PROBLEM DESCRIPTION -> The lines below must be transcribed exactly as given, with the images removed.

Records drawn from a dataset ->
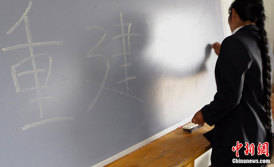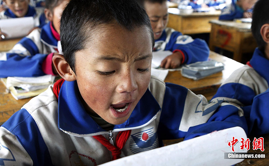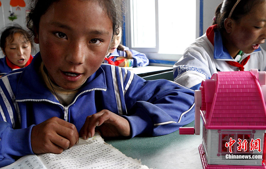 時逢中秋佳節(jié)到來之際,經(jīng)歷了地震5個月后的中國青海玉樹災區(qū)正在加緊重建家園。如今,玉樹街頭臨時搭建的貨店及百貨商店里各種日用品琳瑯滿目,菜市場新鮮的蔬菜和水果供應充足,幾家重新開業(yè)的飯館生意興隆。圖為在當?shù)匦W,學生們在重建的教室里上課。中新社記者 錢興強 攝
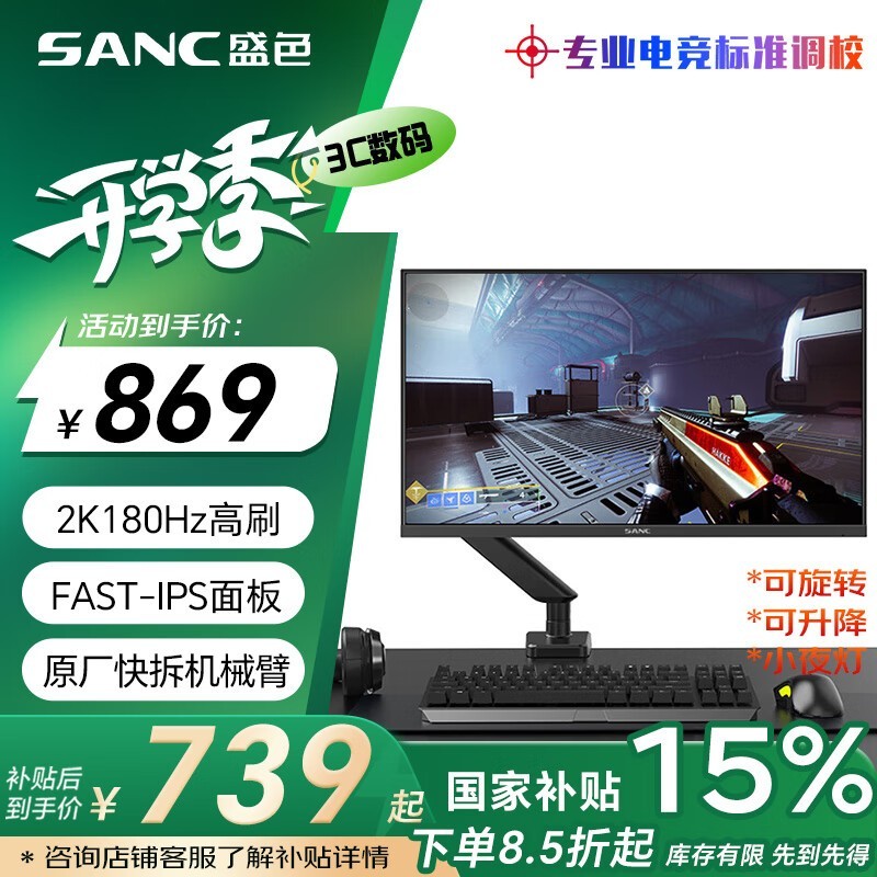 SANC G52Plus机械臂版显示器23英寸2K 180Hz仅700元
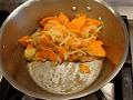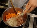 玉ねぎ、にんじんを加えて軽く色付くまで炒める。
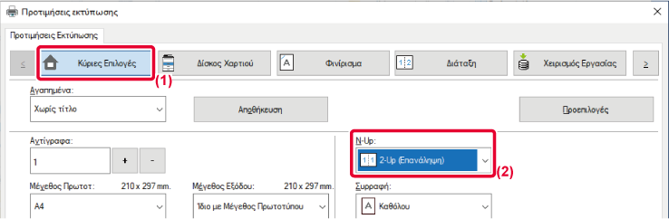 - Επιλέξτε τον αριθμό επαναλήψεων σε "N-Up".
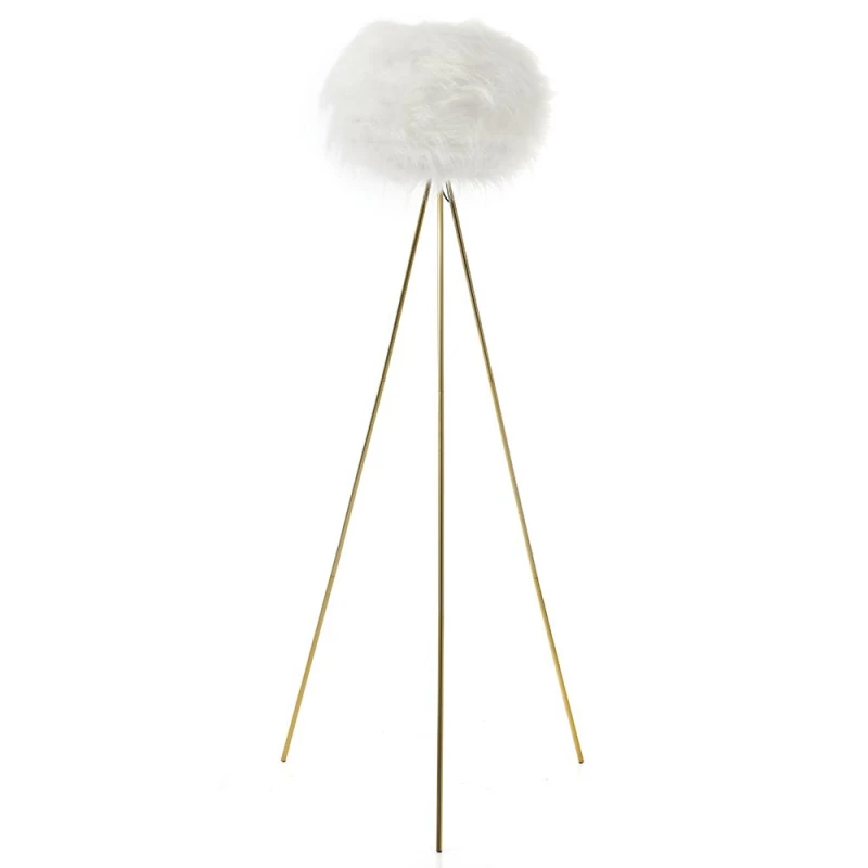 Φωτιστικό επιδαπέδιο, τρίποδο, μεταλλικό χρυσό με λευκό καπέλο από συνθετική γούνα από την iliadis - Διαστάσεις: 40x156εκ.

SOLUTION TO THIS EXERCISE ->
 時逢中秋佳節(jié)到來之際,經(jīng)歷了地震5個月后的中國青海玉樹災區(qū)正在加緊重建家園。如今,玉樹街頭臨時搭建的貨店及百貨商店里各種日用品琳瑯滿目,菜市場新鮮的蔬菜和水果供應充足,幾家重新開業(yè)的飯館生意興隆。圖為在當?shù)匦W,學生們在重建的教室里上課。中新社記者 錢興強 攝
 SANC G52Plus机械臂版显示器23英寸2K 180Hz仅700元
 玉ねぎ、にんじんを加えて軽く色付くまで炒める。
 - Επιλέξτε τον αριθμό επαναλήψεων σε "N-Up".
 Φωτιστικό επιδαπέδιο, τρίποδο, μεταλλικό χρυσό με λευκό καπέλο από συνθετική γούνα από την iliadis - Διαστάσεις: 40x156εκ.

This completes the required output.